Firms don't have to give in to compensation claims
The belief in 'compensation culture' is so ingrained that firms will sometimes give in to claims they could successfully defend because they fear the court system is biased against them. Marcus Brown says a recent case shows that such fears are unjustified.
A myth has developed over the last 10 years that we live in a compensation culture in which a tiny mistake could see a firm being sued for hundreds of thousands of pounds.
Thankfully, like all myths, this is simply not true. A few sensational stories about extravagant employment or injury claims may sometimes hit the headlines but they rarely turn out to be accurate and are certainly not typical.
As long ago as 2004, the Better Regulation Task Force conducted a study into compensation culture and concluded that it didn't exist. If anything, the overall number of claims was going down rather than increasing.
That did little to dislodge the myth, however, which is unfortunate because it can affect the way firms approach employment tribunals or health and safety matters. Unfortunately, many firms will cave in and settle when faced with claims because, according to a recent CBI survey, they believe the justice system is ineffective or skewed against them.
It is important, of course, to pay due attention to safety issues and ensure all the correct legal procedures are followed when dealing with staff and customers, but firms should not be afraid to defend claims where appropriate.
A recent case before the Court of Appeal shows that companies can stand their ground and win.
It involved a supermarket customer who tripped over a basket which had been discarded near the check-out counter. She fell and sustained a painful shoulder injury.
The woman sued alleging that the supermarket had been negligent. The Court of Appeal, however, rejected her claim for compensation.
The court accepted the supermarket's evidence that it had good safety measures in place and had done all it reasonably could to prevent accidents happening.
The area was checked for potential hazards every five minutes or so. It was likely that the stray basket has been discarded by another shopper and had only bee left there a very short time.
The court also accepted that the staff were trained to remove stray items and so it was difficult to see what more the supermarket could have done to prevent the accident.

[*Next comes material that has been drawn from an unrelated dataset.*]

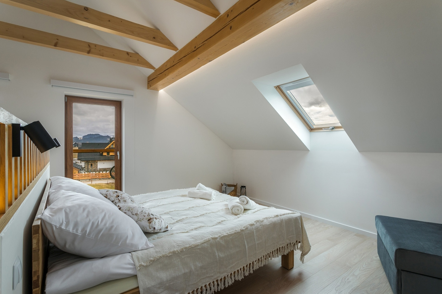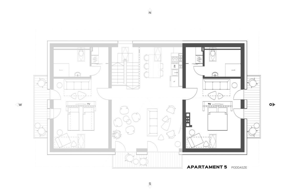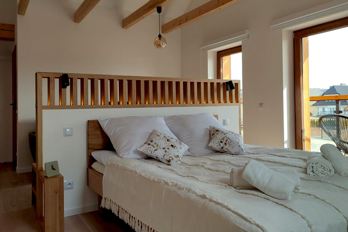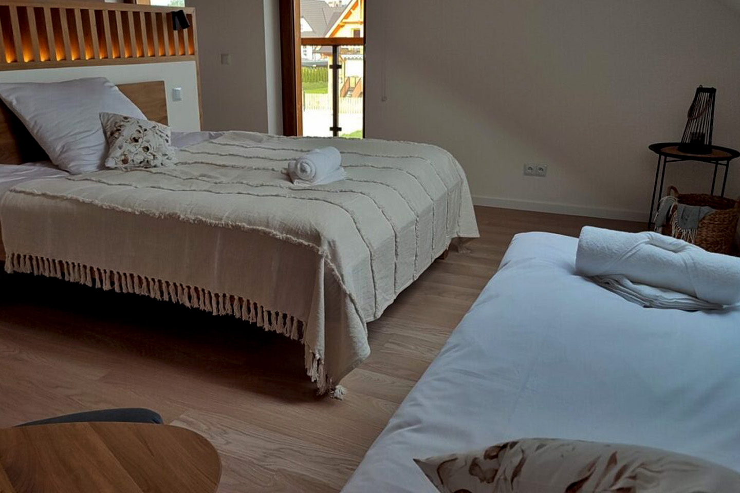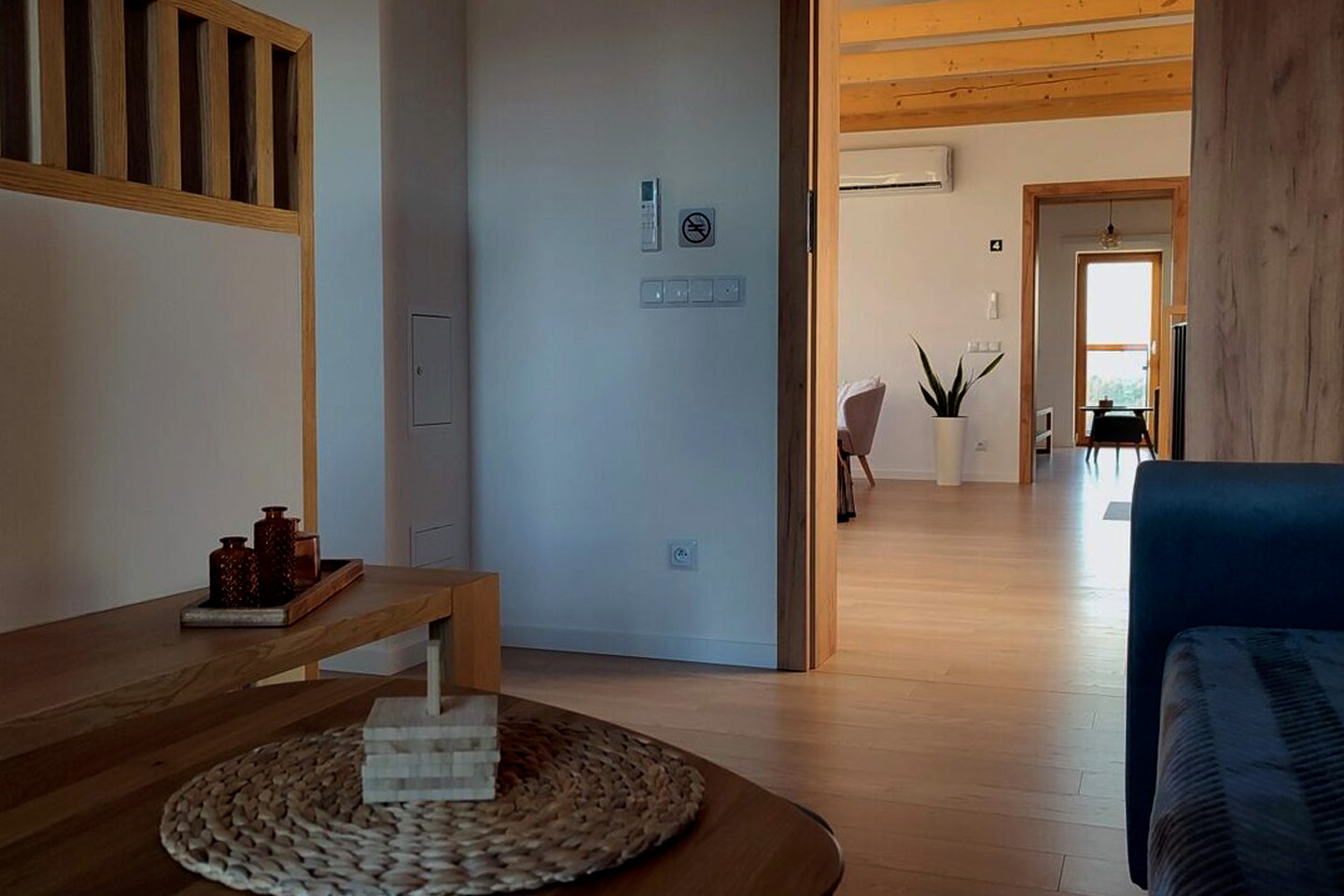 Apartamenty składają się z części sypialnej, wypoczynkowej z wygodną sofą lub fotelami i płaskim telewizorem, przestronną łazienką z prysznicem oraz prywatnym balkonem, z którego podziwiać można panoramę Jeziora Czorsztyńskiego oraz pasm górskich: Pienin, Gorców oraz Tatr. Na poddaszu znajdują się dwa Apartamenty, wspólna kuchnia z wyspą śniadaniową oraz wspólny, przestronny salon widokowym dla Gości ze wszystkich Apartamentów.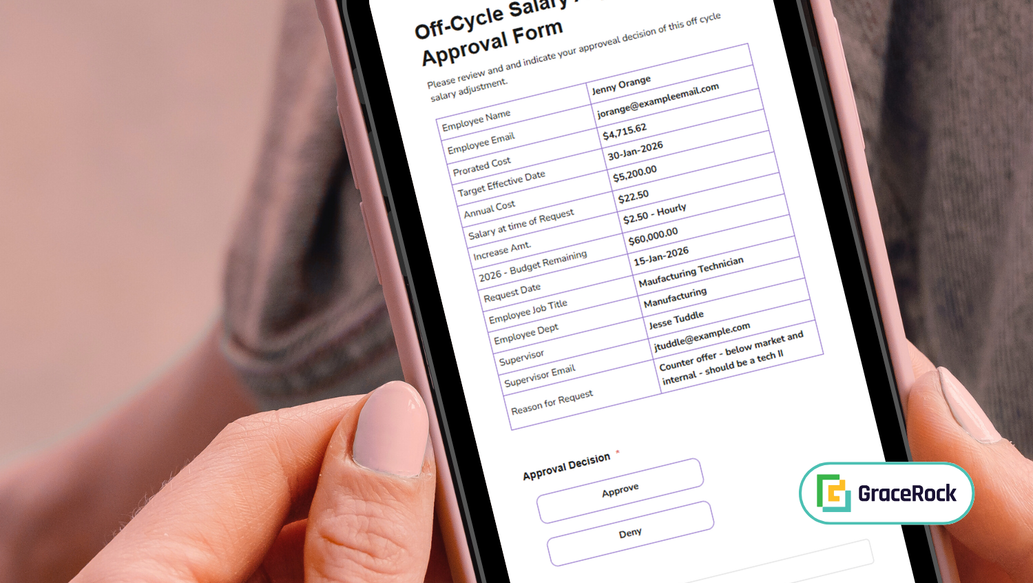 HR reviews, then routes for leadership sign-off.

The customer's argument that a member of staff should have been assigned to check all aisles to identify hazards was setting too high a standard when other safety measures were already in place.
In any case, even if such a person had been employed, the accident could still have happened.
This common sense approach by the court system is the norm when dealing with compensation claims. Firms should not be afraid to defend a case if they have done nothing wrong. It is cheaper and far more satisfying than simply caving in to unreasonable claims.